# [WORK TASK]
Omit the pictures. Transcribe exactly the lines below, from the one with "solar powered facility." up to and including the last.

# [GIVEN DATA]
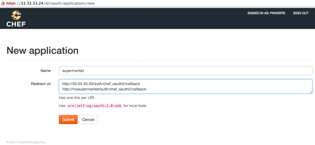 NOTE: the Redirect URL must contain the oauth2 callback URL, which is /auth/chef\_oauth2/callback
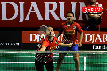 Dina Ghassani/Windi Siti Mulyani (Victory Bogor) Mengembalikan Shuttlecock
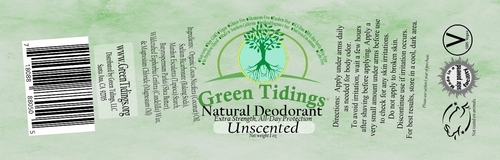 • Green Tidings All Natural Deodorant is: Non-toxic, Vegan, Gluten-free, Corn-free, Soy-free, Paraben-free, SLS-free, Aluminum-free, Propylene-glycol free, Fragrance-Free, Petroleum and Petrolatum-free, Pthalate-free, Paraffin-free, Mineral Oil-free, no artificial colors, No Silicone Oil, No Menthol, Phenol, or Salicylic Acid, Certified Cruelty-free by Leaping Bunny, & made in a solar powered facility.
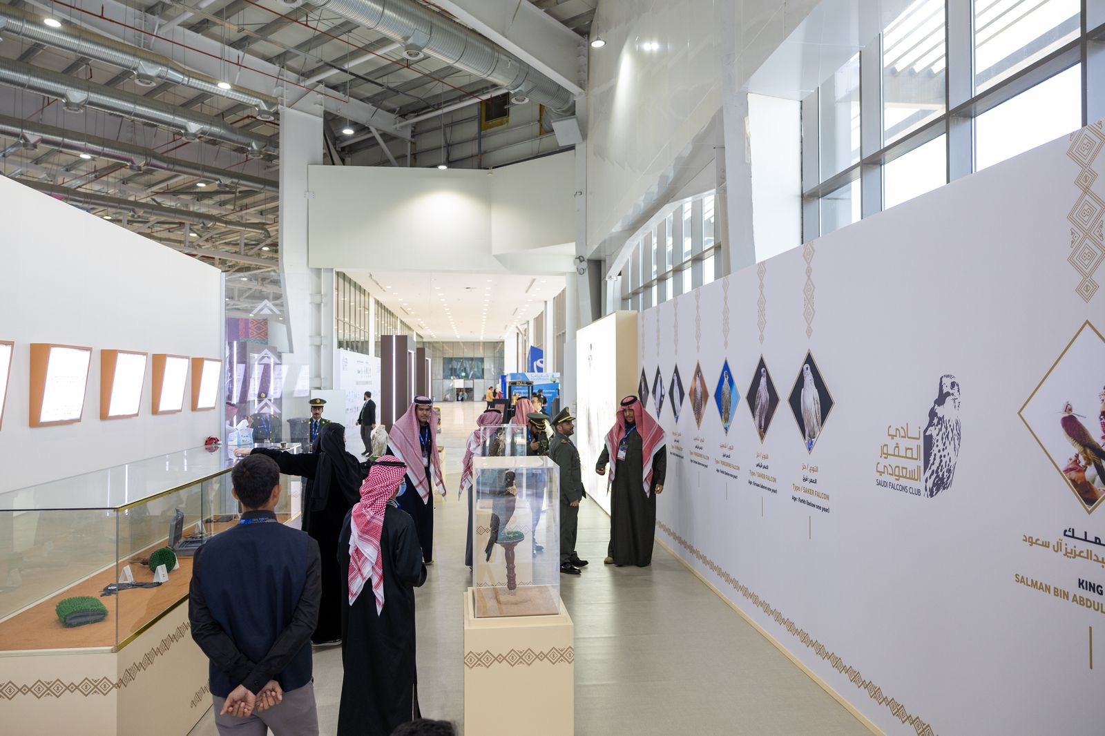 وقدم النادي تعريفًا بإرث الصقارة الأصيل، كما أبرز في معرضٍ للصور العلاقة الوثيقة بين ملوك المملكة العربية السعودية والصقور؛ حيث يزدان جناح النادي بصورٍ للملوك سعود وفيصل وخالد وفهد وعبدالله، والأمير سلطان، والأمير نايف، رحمهم الله جميعًا، وصورة لخادم الحرمين الشريفين الملك سلمان بن عبدالعزيز مع الصقور في إحدى رحلات الصيد.

# [WRITTEN ANSWER]
 • Green Tidings All Natural Deodorant is: Non-toxic, Vegan, Gluten-free, Corn-free, Soy-free, Paraben-free, SLS-free, Aluminum-free, Propylene-glycol free, Fragrance-Free, Petroleum and Petrolatum-free, Pthalate-free, Paraffin-free, Mineral Oil-free, no artificial colors, No Silicone Oil, No Menthol, Phenol, or Salicylic Acid, Certified Cruelty-free by Leaping Bunny, & made in a solar powered facility.
 وقدم النادي تعريفًا بإرث الصقارة الأصيل، كما أبرز في معرضٍ للصور العلاقة الوثيقة بين ملوك المملكة العربية السعودية والصقور؛ حيث يزدان جناح النادي بصورٍ للملوك سعود وفيصل وخالد وفهد وعبدالله، والأمير سلطان، والأمير نايف، رحمهم الله جميعًا، وصورة لخادم الحرمين الشريفين الملك سلمان بن عبدالعزيز مع الصقور في إحدى رحلات الصيد.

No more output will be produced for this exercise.